Но не разбудил. Он закрыл глаза, сполз немного пониже и подумал о примитивной мифологической форме человечества, его великом предмете поисков, Урскумуге…
Он живет где-то в лесах. Его создавали много раз. Но он глубоко. В самом сердце. Как его найти? Как найти? Я должен изобрести способ вызвать его на край леса…
Он все еще думал о поисках Урскумуга, когда на лестнице раздался звук. Кто-то там двигался. Хаксли вначале испугался, но остался лежать, только внимательно прислушался.
Да. В кабинете. Тишина, очень долгая, потом опять звук: передвинули мебель и открыли шкафы, возможно, чтобы осмотреть его находки.
Потом, внезапно, звук на лестнице, кто-то очень быстро поднимался наверх.
И тишина, опять.
Он на лестничной площадке. Точно. Вот он подошел к двери спальни и опять остановился; потом дверь открылась и что-то скользнуло в комнату. В одно мгновение летучая тень пронеслась к окну и задернула шторы. На комнату опустилась более глубокая темнота, но Хаксли уже успел увидеть темную фигуру, без сомнения силуэт обнаженного мужчины. Широкие плечи, сильное поджарое тело; расширившийся половой член создания стоял почти вертикально. Комнату наполнил сильный запах — что-то от подлеска, что-то от острой вони немытого тела.

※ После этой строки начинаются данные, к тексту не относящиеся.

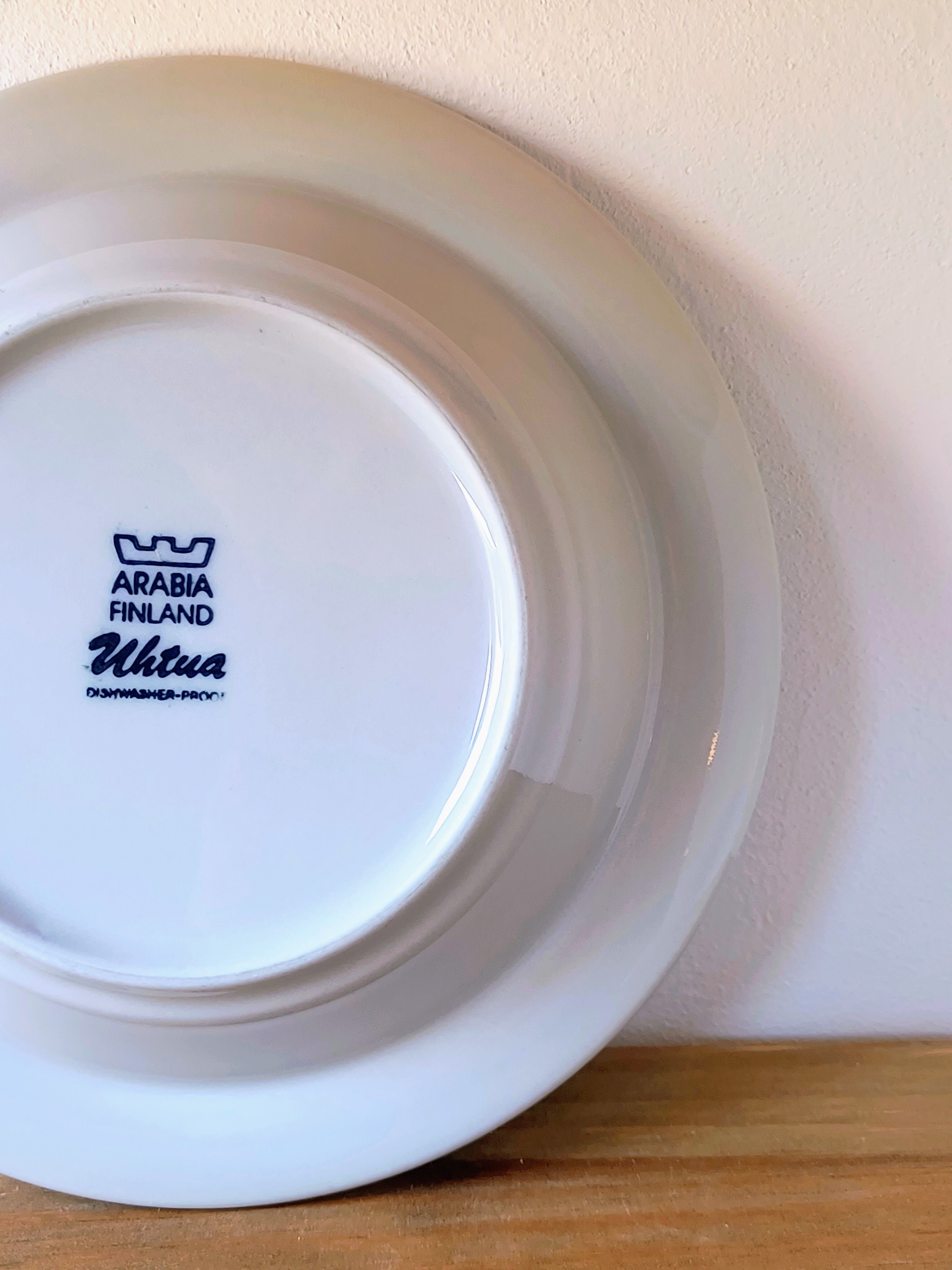 フィンランドのアラビア(ARABIA)社にて、ウラ・プロコッペ(Ulla Procopé)がフォルムを設計し、インケリ・レイヴォ(Inkeri Leivo)がデコレーションを手がけた「Uhtua(ウートゥア)」シリーズのスープボウルです。
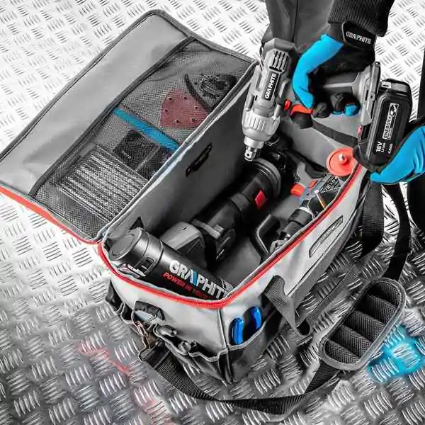 • GRAPHITE torba za alat ENERGY+ opremljena je čvrstom ručkom i podesivom naramenicom za udoban transport. Prenosiva torba za alat pogodna je za rad na terenu, radionice ili gradilišta.

Хаксли медленно сел на кровати и почувствовал движения фигуры, короткие стремительные движения: первое унесло ее с одной стороны комнаты на другую, второе вернуло обратно.
Он ждет, когда я уйду!
В последней записи Серо-зеленый написал: «Защити Дженнифер от меня. Защити ее от призрака…»
— Уходи, — выдохнул Хаксли. — Я не дам тебе приблизиться к ней. Ты сам сказал мне не…
Мужчина подскочил к нему в темноте и навис над ним, его глаза мрачно сверкали, показывая, насколько они широко посажены. Серо-зеленый напряженно поглядел на Хаксли. Было трудно разглядеть его; Хаксли чувствовал, как тени движутся, делая его бездонным, но, тем не менее, он точно был твердым. Жар и вонь, исходившие от него, подавляли.
Голосом, напоминавшим беспокойное дыхание ветра, он прошептал: «дневник».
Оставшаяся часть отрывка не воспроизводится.